Boston University
Distinguished Lecture Series 2011
Learning Feature Hierarchies for Vision
Yann LeCun
Courant Institute and Center for Neural Science
New York University
Time: March 30, 11am
Place: SAR 102
635 Commonwealth Ave

Abstract: Intelligent perceptual tasks such as vision and audition require the construction of good internal representations. Theoretical and empirical evidence suggest that the perceptual world is best represented by a multi-stage hierarchy in which features in successive stages are increasingly global, invariant, and abstract. An important challenge for Machine Learning is to devise "deep learning" methods than can automatically learn good feature hierarchies from labeled and unlabeled data. A class of such methods that combine unsupervised sparse coding, and supervised refinement will be described. We demonstrate the use of deep learning methods to train convolutional networks (ConvNets). ConvNets are biologically-inspired architectures consisting of multiple stages of filter banks, non-linear operations, and spatial pooling operations, analogous to the simple cells and complex cells in the mammalian visual cortex. A number of applications will be shown through videos and live demos, including a category-level object recognition system that can be trained on the fly, a pedestrian detector, and system that recognizes human activities in videos, and a trainable vision system for off-road mobile robot navigation. A new kind of "dataflow" computer architecture, dubbed NeuFlow, was designed to run these algorithms (and other vision and recognition algorithms) in real time on small, embeddable platforms. an FPGA implementation of NeuFlow running various vision applications will be demonstrated. An ASIC is being designed in collaboration with e-lab at Yale, which will be capable of 700 Giga-operations per second for less than 3 watts.
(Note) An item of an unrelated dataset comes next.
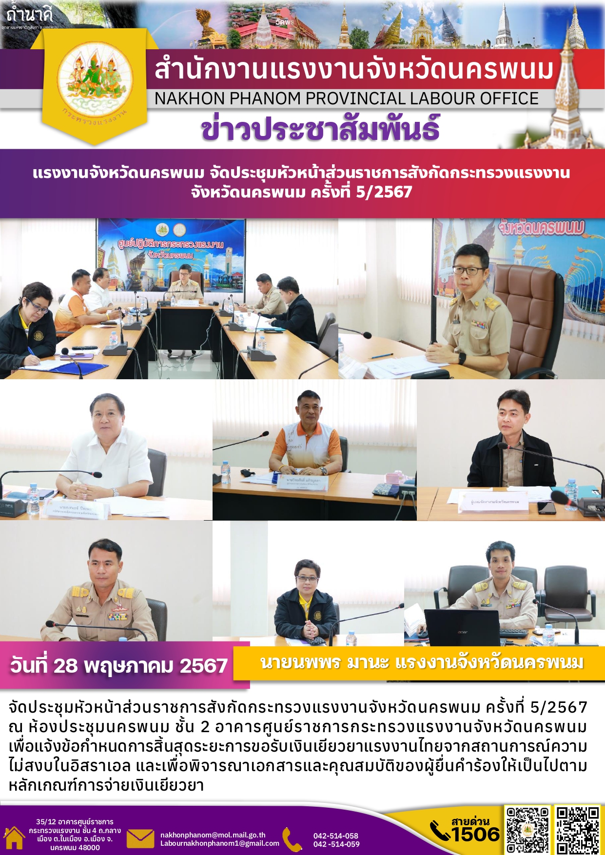 วันที่ 28 พฤษภาคม พ.ศ. 2567 นายนพพร มานะ แรงงานจังหวัดนครพนม จัดประชุมหัวหน้าส่วนราชการสังกัดกระทรวงแรงงานจังหวัดนครพนม ครั้งที่ 5/2567 ณ ห้องประชุมนครพนม ชั้น 2 อาคารศูนย์ราชการกระทรวงแรงงานจังหวัดนครพนม เพื่อแจ้งข้อกำหนดการสิ้นสุดระยะการขอรับเงินเยียวยาแรงงานไทยจากสถานการณ์ความไม่สงบในอิสราเอล และเพื่อพิจารณาเอกสารและคุณสมบัติของผู้ยื่นคำร้องให้เป็นไปตามหลักเกณฑ์การจ่ายเงินเยียวยา

The speaker: Yann LeCun is Silver Professor of Computer Science and Neural Science at the Courant Institute of Mathematical Sciences and at the Center for Neural Science of New York University. Previously, he worked as head of the Image Processing Research Department at AT&T Labs-Research and as Fellow at the NEC Research Institute in Princeton. His current interests include machine learning, computer vision, pattern recognition, mobile robotics, and computational neuroscience. He has published extensively on these topics as well as on neural networks, handwriting recognition, image processing and compression, and VLSI design. His handwriting recognition technology is used by several banks around the world to read checks. His image compression technology, called DjVu, is used by hundreds of web sites and publishers and millions of users to distribute and access scanned documents on the Web, and his image recognition technique, called Convolutional Network, has been deployed by industry leaders as well as several startup companies for document recognition, human-computer interaction, image indexing, and video analytics. He has been on the editorial board of numerous journals, was program chair of a number of conferences, and is chair of the annual Learning Workshop. He is on the science advisory board of Institute for Pure and Applied Mathematics, and is the co-founder of MuseAmi, a music technology company.